The Katana was lightning fast out of my hand and would flip over just a tiny bit. Problem was it would then fall out of the air as if hit by a shotgun. This disc had FAR more low speed fade than I was anticipating and the glide really wasn't there. As soon as this disc slowed at all it just fell like a rock out of the air. It was doing OK distancewise, but frankly I was disappointed in it. Still, the Katana was routinely 30' short of the Nuke on every throw. The lack of glide just kills it.

The ESP Nuke on the other hand was amazing. It is a somewhat flippy disc (not a pushover), but holds a line nicely without diving off to the right. Unlike the Katana the Nuke would just hold a perfect straight glide all the way to the ground and had very little low speed fade. It also had MUCH better glide than the Katana. I'd say it's probably among the top 3 longest discs I've ever thrown. It basically reminded me of a surge with slightly less stability and better glide. Fast too.

I also had a champion Ape out there, but it was obvious from the first throw that it is an overstable pig. Much beefier than I thought it would be.

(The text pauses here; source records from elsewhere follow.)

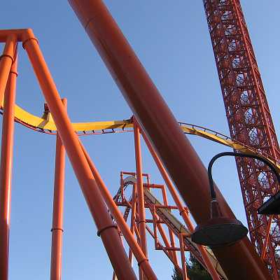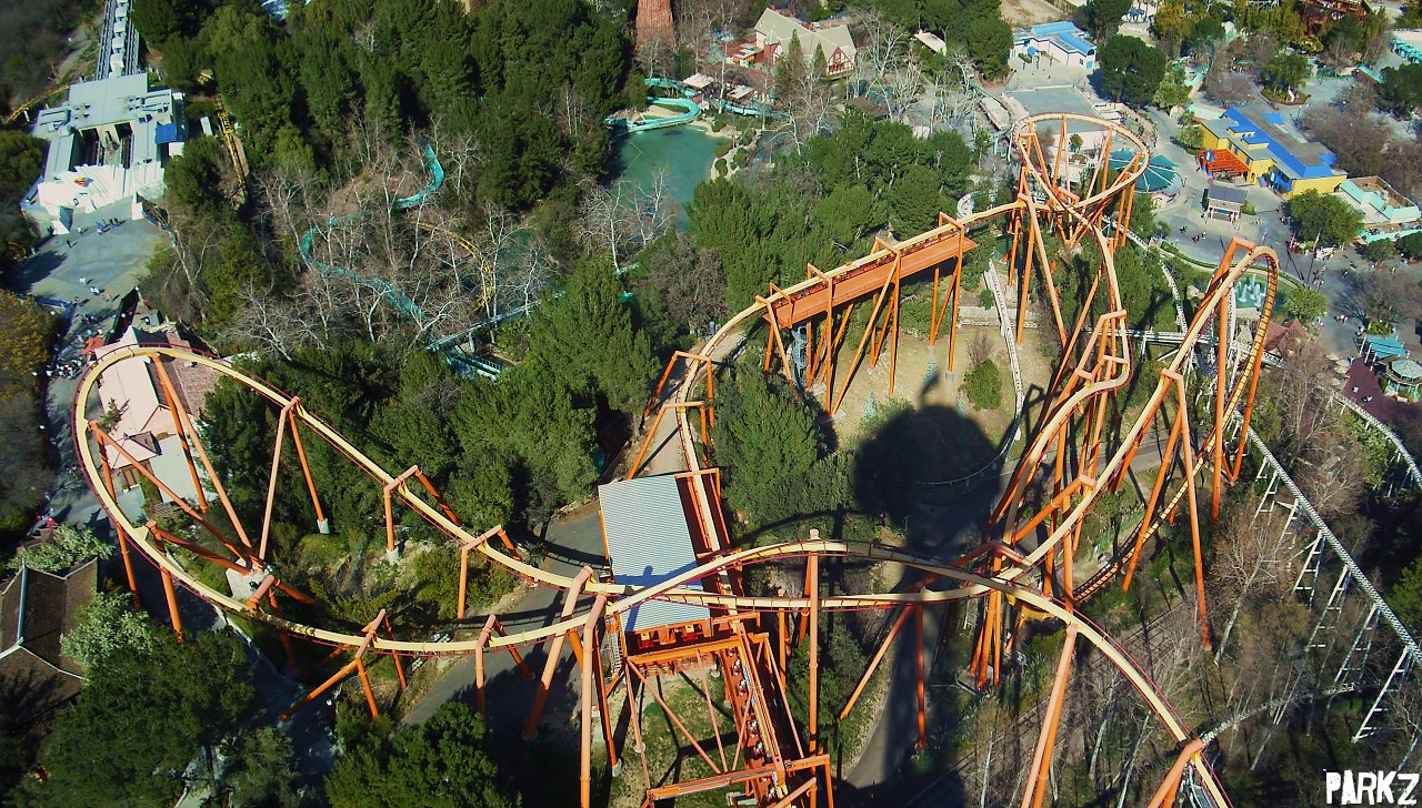 Here you can see one of Magic Mountains newest attractions soaring over one of its classics.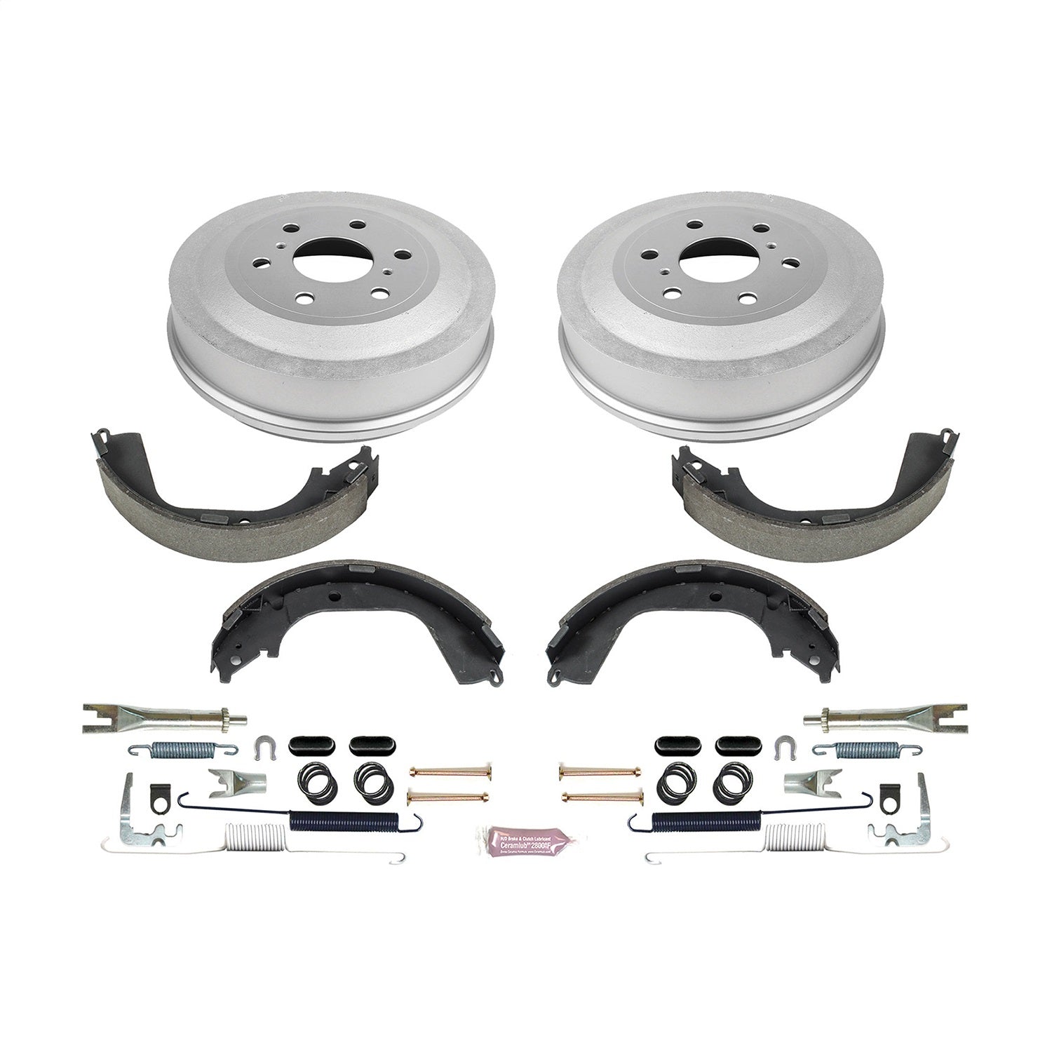 DIRECT REPLACEMENT KIT: COATED DRUMS, SHOES W/ HOLD DOWN AND ADJUSTER KIT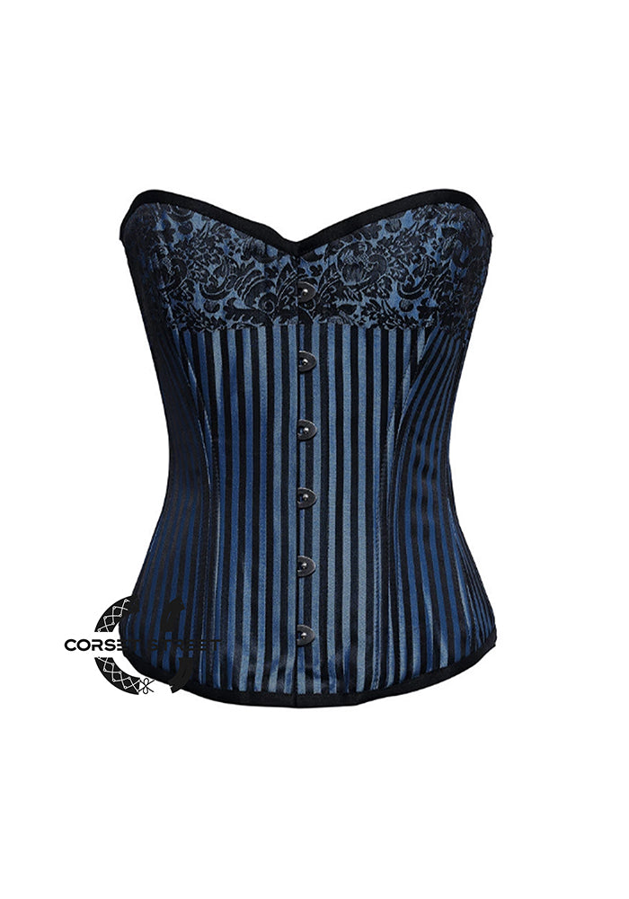 A nicely crafted brocade corset in mix of blue and black color. A perfect for your next burlesque theme party.
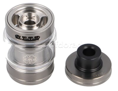 Das Bauchglastank bietet bis zu 5 ml Platz für Liquid, dass bequem über die Top-Cap mit Bajonett-Verschluss befüllt wird. Unter der Top-Cap befindet sich die Top-Airflow-Control, mit der der Zugwiderstand nach eigenen Vorlieben angepasst werden kann.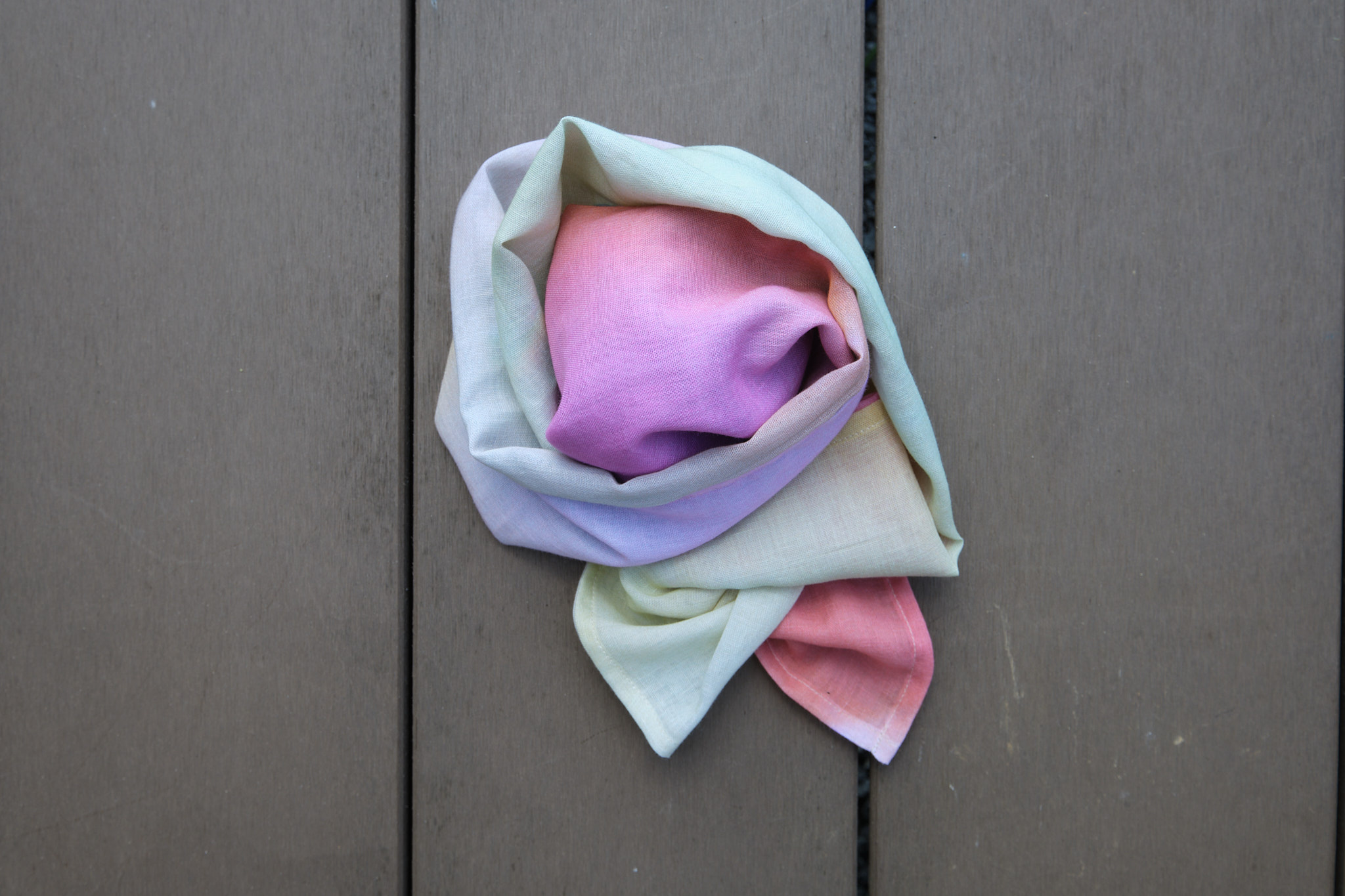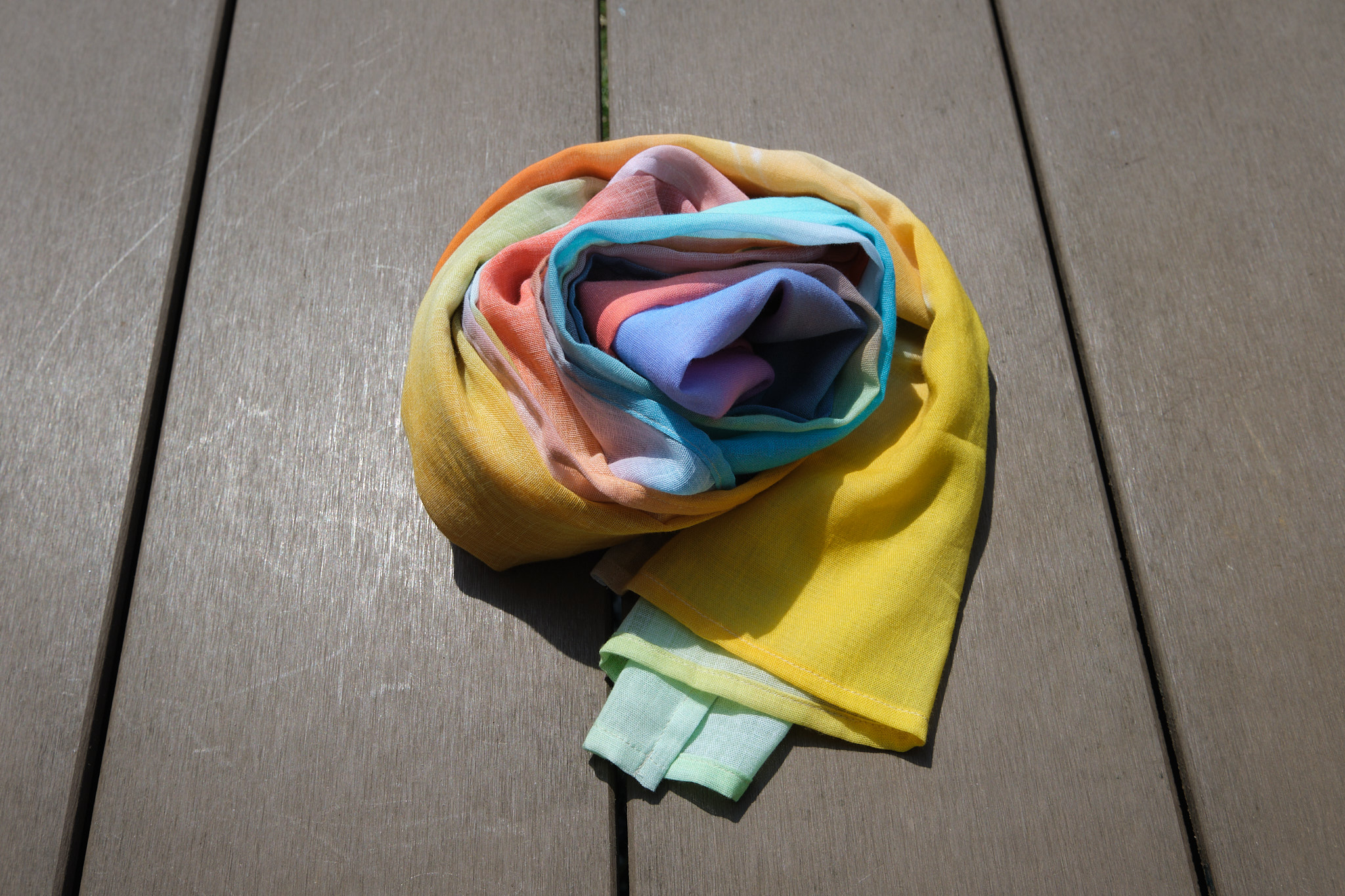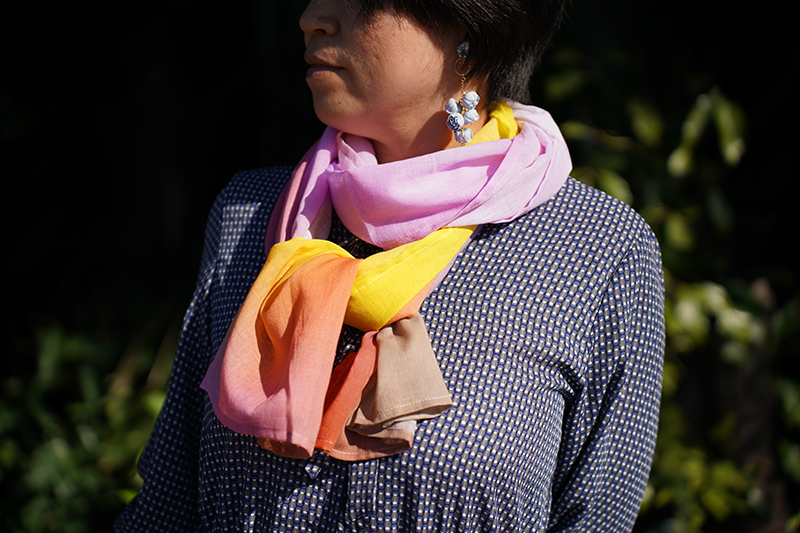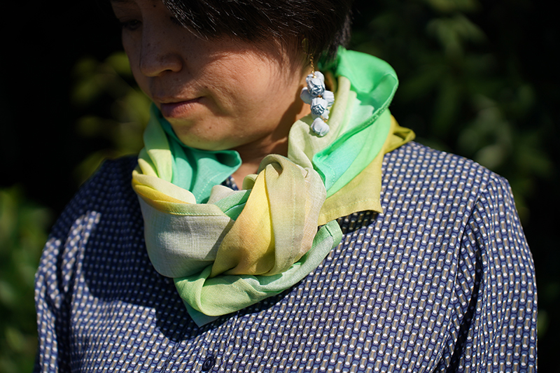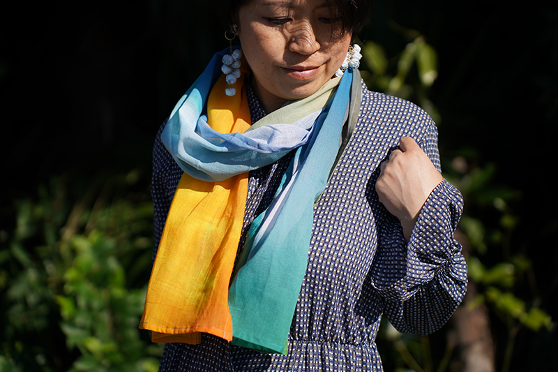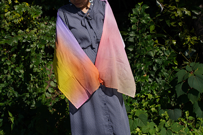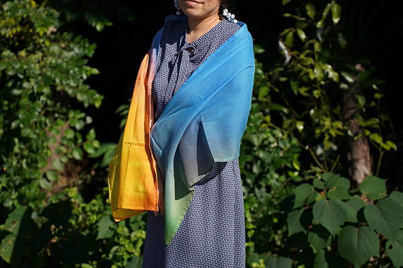 折る位置によって色の出方が変わるのでスカーフ、ストール以外にも帯締めやバックのハンドルに巻いたり、ヘアバンド・ターバンにして楽しむこともできますし、安心な日本製、肌触りも良いので正方形タイプは赤ちゃんのおくるみや敷いて撮影背景布としも使えますので他とは被らない出産祝い品としてもお薦めです。
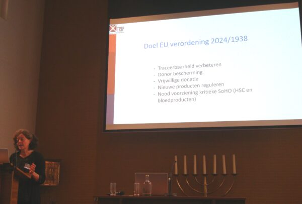 Het symposium werd geopend door Jaap Jan Zwaginga, directeur Bureau TRIP met eerst een korte vigilantie historie van Woerden, gevolgd door een samenvatting van het rapport Biovigilantie 2023. Zowel het korte als het uitgebreide rapport zijn te vinden op de website van TRIP. De participatie wat betreft het aanleveren van de jaarlijkse activiteit cijfers is volledig op het gebied van de reproductieve weefsels en cellen en de hemapoëtische stamcellen /cellen voor therapeutisch gebruik. Bij de overige weefsels en cellen zijn de toepassingscijfers niet compleet. Inmiddels is bekend dat de Europese verordening 2024/1938 over lichaamsmateriaal (Substances of Human Origin, SoHO) op 7 augustus 2027 van toepassing zal worden. De aanbevelingen dit jaar komen hieruit voort; kennisnemen van deze verordening en het in kaart brengen van de veranderingen voor de eigen organisatie. Het waarborgen van de traceerbaarheid van SoHO en het aanleveren van de jaarlijkse activiteitscijfers zal voor alle SoHO entiteiten verplicht worden.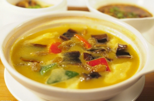 先把黃鱔剝皮開膛洗凈,用熱水去掉黃鱔外皮黏液,準(zhǔn)備好各樣佐料,油燒熱后,先把小蔥、姜片下鍋試油,放入微量鹽、食用糖,接著黃鱔入鍋,加入肉桂、八角等等干料,翻炒約5分鐘,注入開水適量,放入花椒(用紗布扎袋)、枸杞、條參、當(dāng)歸等藥物,大火燉10分鐘,加入蔥段、蒜塊、干辣椒、金針、拳菜、豆筋等等配菜,小火煲30分鐘,加入鹽調(diào)整咸淡,滴少許白酒去除腥膻,放入切好的青椒絲,加入小磨油,裝盤出鍋。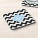Schwarz-weißes Zickzack blaues Quatrefolienmonogra Getränkeuntersetzer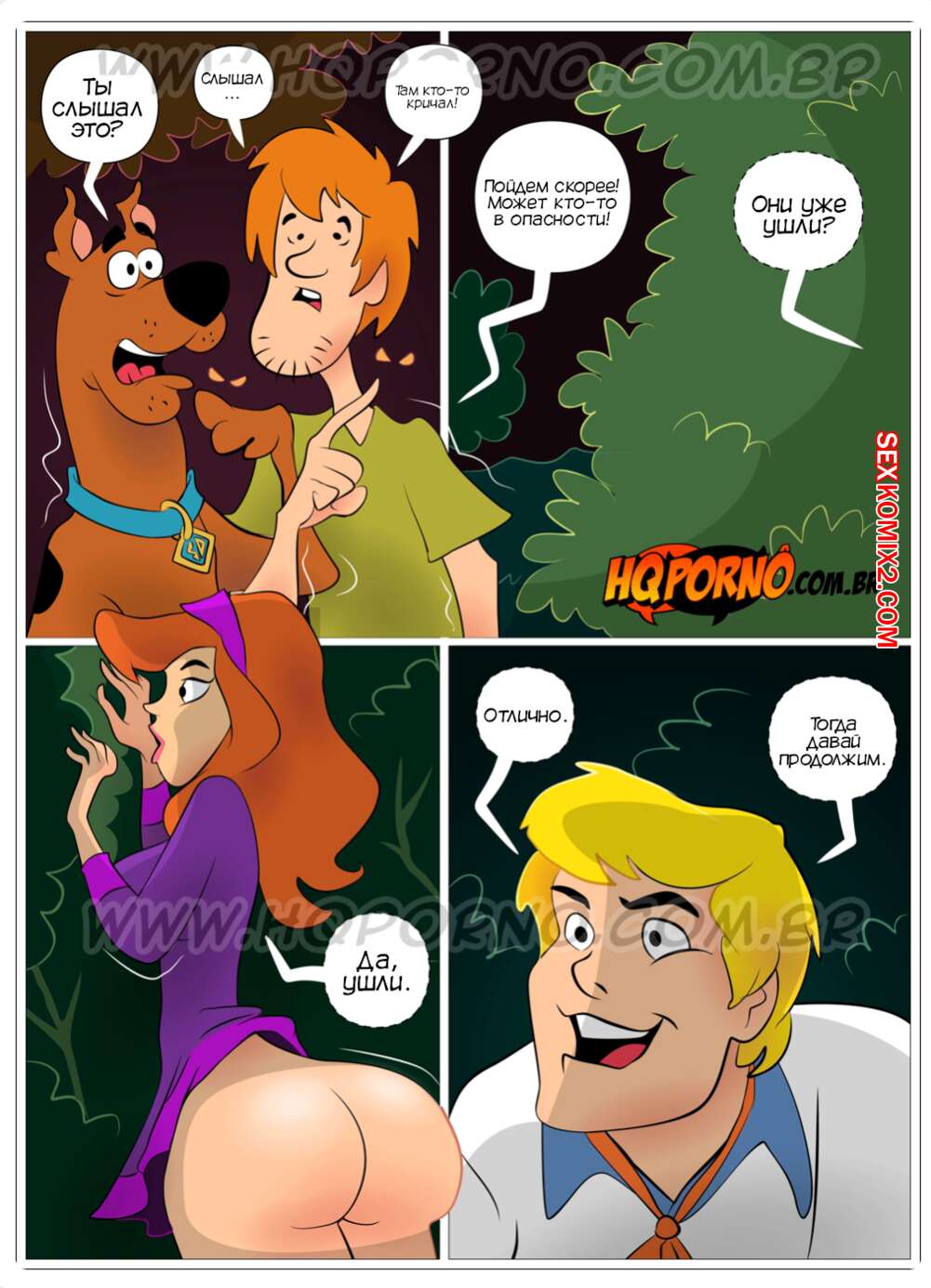 Порно комикс Скуби Ду. Часть 4. Оскорбленный призрак. Scooby Cool. Hqporno Во время задания Фред и Дафна уединились в лесу, чтобы повеселиться. Парень вылизал задницу девушки, после чего вставил в нее свой большой хуй и хорошенько ее выебал.

Just some observations. When the weather improves I'll compare the Nuke to some other discs. I am impressed by it for sure though.
 
I've seen some Katanas that have a hefty fade, but they are usually also pretty overstable overall, with a lot of HSS too. The Star Katanas aren't known for being great (apart from the Farting Lemons). Is yours flat'ish by any chance?

The ones I have (R-Pro, Pro, two Champs, two Echos and a Farting Lemon Star) definitely don't fade harshly, and they fade very lat in the flight, but like I said, I've heard lots of people complain about the production Stars.
 
The star Katana is definitely on the flat side and is a regular model. I'm guessing a domier one would have better glide. Kind of a stinker of a disc. Definitely more stable than the flight chart on Innova's website would indicate.
 
JR said:
Nuke is longer but they vary a lot in HSS. Flat ones are rollers.
Nukes really are the mold I've seen greatest variations in, but my experience in flat Nukes are completely opposite of yours. My flattest Z Nuke is every bit as beefy as a good Z Force, and my domiest one is very flippy, and the rest are inbetween, with pretty good correlation between dome and PLH. Domier ones are noticeably lower PLH than the flatter ones.
 
I haven't noticed a distinct pattern in Nukes. Some domey ones are beefy, some are flippy, some flat ones are beefy, some are flippy...
 
I've seen wide variances in PLH with the Nukes even flat ones. Usually flat tops pull the outside edge up apparently that varies a lot in Nukes because the ones i've seen are mostly opposite to the observation of VTO. So the flat Nukes seem to be even less reliable as a whole as i thought and i didn't trust them from the get go :-(
 
I have only used the proto pro Katana's. These seem to have a lot of glide. While I have used the Nuke some, I have been throwing the Z Nuke SS. It did well with a strong tailwind. On the next hole though, that wind became a crosswind due to basket location. So I tried the Anhyzer into the wind to let get the wind to catch the disc and carry back to the left. The Nuke SS kept on turning into the wind all the way down the hill to the right.